Preprocessing and analysis of sequences were carried out using the mothur analysis suite version 1.36.1[24] based on the Schloss SOP (January 2016). Initial denoising was performed using AmpliconNoise algorithm. Subsequently, any sequences less than 440 bases in length or that had >2 mismatches in the primer, >1 mismatch in barcode regions, and homopolymers of >8 bases were removed from the dataset. The remaining sequences were trimmed to remove the primers and barcodes and aligned to the SILVA 16S rRNA reference alignment.[25] An additional precluster step was performed in mothur to merge sequences with 4 or fewer bases differences. The UChime algorithm,[26] as implemented by mothur, was used to identify sequence chimeras, which were removed from the analysis. Sequences were clustered into Operational Taxonomic Units (OTUs) at a sequence dissimilarity distance of 0.015 using an average neighbor algorithm and then classified using a Naïve Bayesian classifier implemented in mothur with the Human Oral Microbiome Database reference dataset v13.2.[27] The α-diversity of bacterial communities based on OTUs was analyzed using approaches implemented by mothur: richness of the communities was assessed by the number of observed OTUs and the Chao1 richness index; diversity of the communities was estimated using the Simpson inverse diversity index. Richness and diversity estimates were compared between groups using Kruskal Wallis test.

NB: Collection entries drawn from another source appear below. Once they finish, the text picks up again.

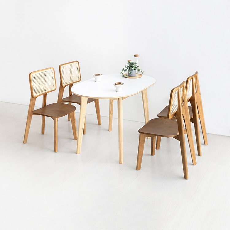 RAMIRA 테이블 12080 HPL 라운드형 + SHENBON 의자 라탄 E형 4인 세트
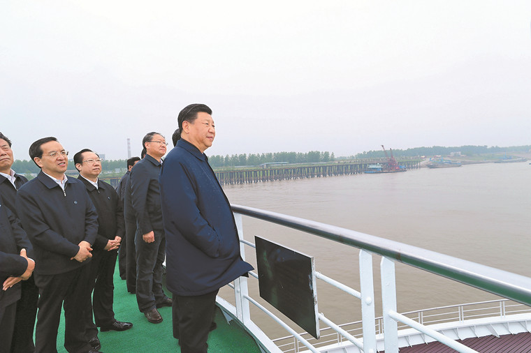 4月26日下午,中共中央总书记、国家主席、中央军委主席习近平在武汉主持召开深入推动长江经济带发展座谈会并发表重要讲话。这是座谈会前,习近平于25日上午乘船沿江察看两岸生态环境和发展建设情况。新华社记者 谢环驰 摄
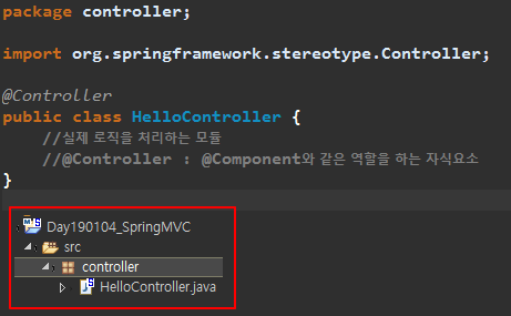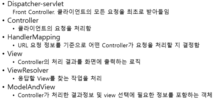 :MVC 패턴을 구현하기 위한 구성요소(controller,viewResolver,handlerMapping )들이 있는데, 구성요소들을 스프링컨테이너에 bean으로 등록해서 사용한다

To compare the β diversity of samples based on OTUs, the thetaYC metric, which compares community structure by accounting for the relative abundance of taxa,[28] was used to generate distance matrices in mothur. Analysis of Molecular Variance (AMOVA),[29] as implemented by mothur, was then performed to determine if any differences between the microbiomes of the experimental groups were statistically supported by differences in the distance matrix. LeFSE[30] was used to identify OTUs differentially abundant between groups.

Minimum Entropy Decomposition (Oligotyping)

Minimum entropy decomposition was performed on the same samples used for the alpha and beta diversity analyses, excluding the 19 samples falling below 3076 sequences. Denoising, alignment, chimera removal, and taxonomy assignation were performed using the mothur analysis suite,[24] as described previously. Sequences identified as belonging to the genus Streptococcus were then extracted and formatted using the “mothur2oligo” tool (available at https://github.com/michberr/MicrobeMiseq/tree/master/mothur2oligo).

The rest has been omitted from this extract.